In a July report, America’s Voice identified 121 political ads, 334 tweets and 91 campaign emails that referenced “white replacement” and “migrant invasion” in the 2022 election cycle. Both terms are a reference to a false, white nationalist conspiracy theory that claims that global ‘elites’ are deliberately replacing white people in the US with immigrants and people of colour.

‘We’re seeing an increase in the embrace of white nationalist talking points, talking about replacement and invasion,’ Mueller told Al Jazeera. ‘What we’ve seen this year is a real escalation in some of the rhetoric.’”

In his Philadelphia Inquirer column, Will Bunch writes, “Who’s behind those vile, right-wing political TV ads during the baseball playoffs?” highlighting Stephen Miller’s association with the organization “Citizens for Sanity,” which has been running noxious ads with lurid depictions of crime and violence. Bunch writes:

“Every few innings, the dark, grainy TV spots — with a flood of unsettling images of urban crime and civic unrest, or large migrant caravans streaming toward the U.S. border — broke up the stream of otherwise cheerful spots for iPhones or car insurance. One says ‘illegal immigration is draining our paychecks, wrecking our schools, ruining our hospitals and threatening your family’ — blaming President Biden, and telling Democrats to ‘stop hurting our children,’ against an ominous, empty playground swing. The crime spot blames liberals for a wave of ‘violence, bloodshed and death’ as men with machine guns roam an urban wasteland. You won’t be shocked to learn that the ads are deliberately dishonest …

…The required tagline lists the sponsor as a new group calling itself Citizens for Sanity. On one level, thanks to some excellent research by the campaign-finance watchdog Open Secrets, we know a lot about who these Citizens for Sanity are: the very worst, xenophobic remnants of Team Trump, offering America not just a new low for the 2022 midterms but a sneak preview of the nightmare that the 45th president’s 2024 comeback crusade is likely to be.

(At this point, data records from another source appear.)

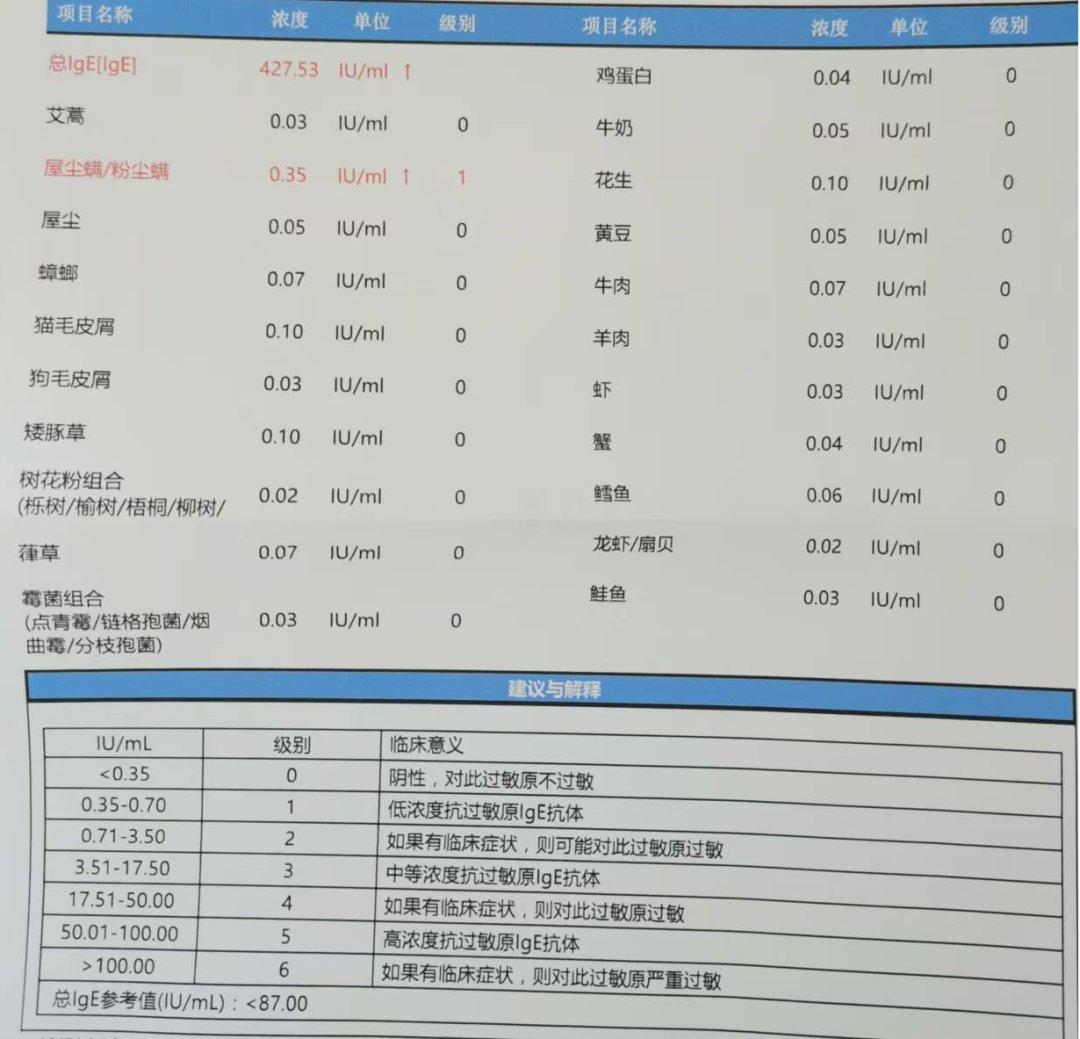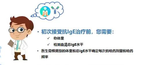 (2)IgE介导的过敏:血清IgE水平30-1500IU/mL(剂量根据体重和IgE水平计算),且对特定过敏原(如尘螨、花粉)敏感。
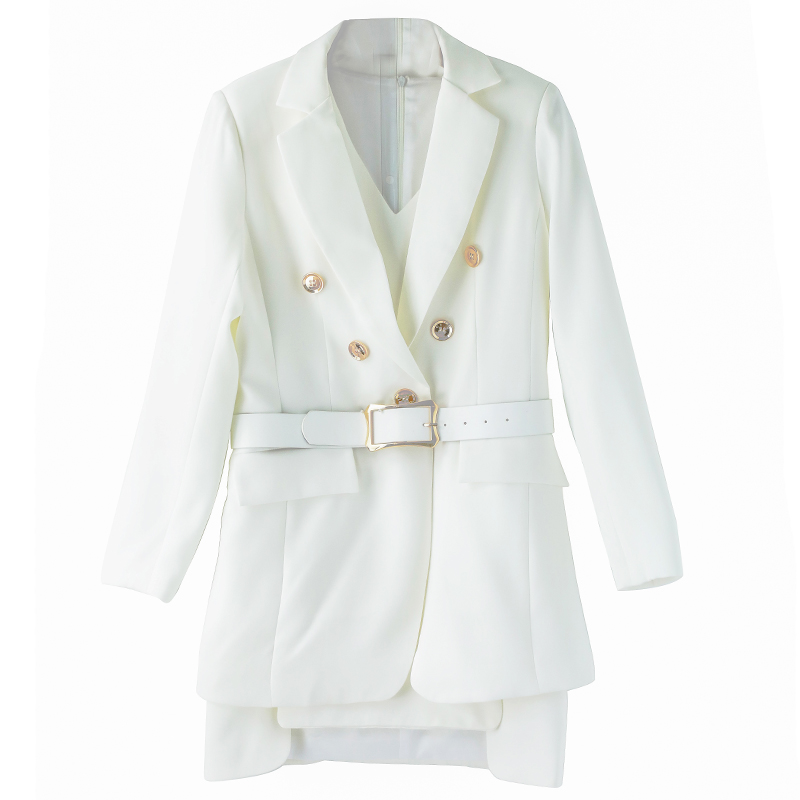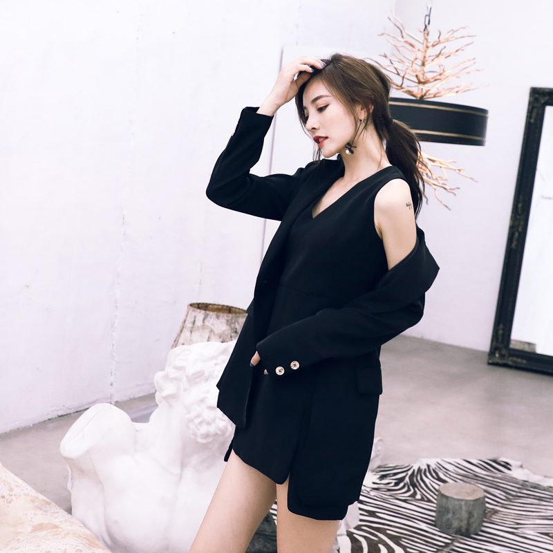 / 2018秋季新款名媛網紅中長款外套小西裝V領背心裙兩件洋氣OL套裝
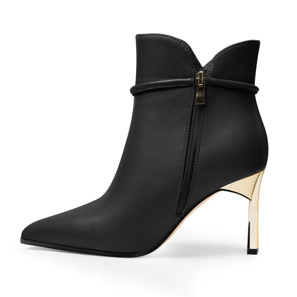 - 1. Boots for women: These pointed-toe women's boots features a smooth zipper for easy to putting on and taking off. The 3-inch gold kitten heels offers a unique and exquisite design.
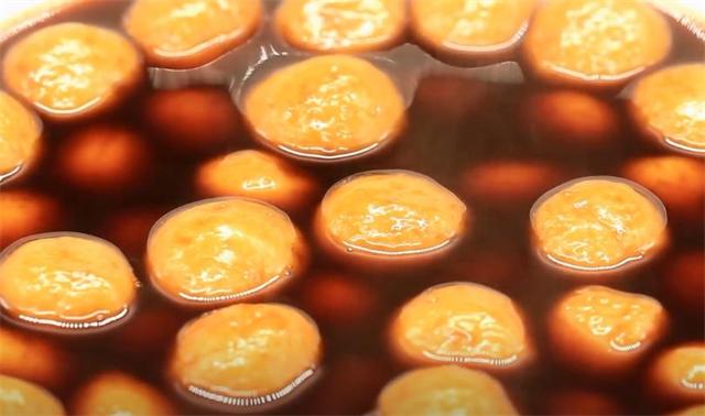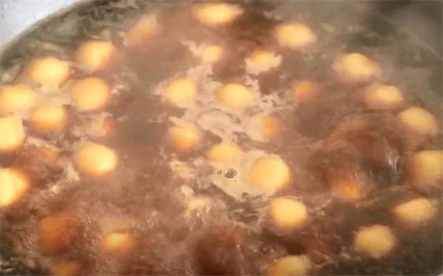 6.鍋里水開后加入半碗紅糖,紅糖化開后下入丸子,用勺子輕輕推下防止粘連,然后煮5分鐘,煮熟后關火。

Open Secrets reports a close overlap between the trustees of Citizens for Sanity — as identified to the Federal Communications Commission, or FCC — and the pro-Trump America First Legal Foundation, which is spearheaded by Stephen Miller, the former Trump White House official behind harsh immigration policies such as family separation at the southern border.”

According to Zachary Mueller, Political Director for America’s Voice:

“To a deeply disturbing degree, Republicans are relying on nativist lies and white nationalist conspiracies as a core part of their midterm closing argument, while the remainder of the GOP, including its leadership, languishes in complicit silence.

Notably, the men instrumental in family separation are now trying to be Lee Atwater for the social media era, walking right up to the line of explicit racist appeals to voters. As part of our ongoing GOP ad tracking project and its ad database, we upload ads we encounter to YouTube so that they are archived if campaigns take them down. It’s a sign of the GOP times that YouTube’s content moderators flagged one of the latest Stephen Miller-allied ads we attempted to post as violating its standards for violent or graphic imagery.

Unfortunately, the murders in Buffalo, Pittsburgh, El Paso and the recent migrant shootings in West Texas and another plot to kill migrants uncovered in Missouri offer real world examples of why the embrace and mainstreaming of these lies and this hatred is so dangerous. Regardless of the political efficacy of these GOP tactics, they court violent bigotry throughout the nation and are a corrosive acid to the promise of a multi-racial democracy.”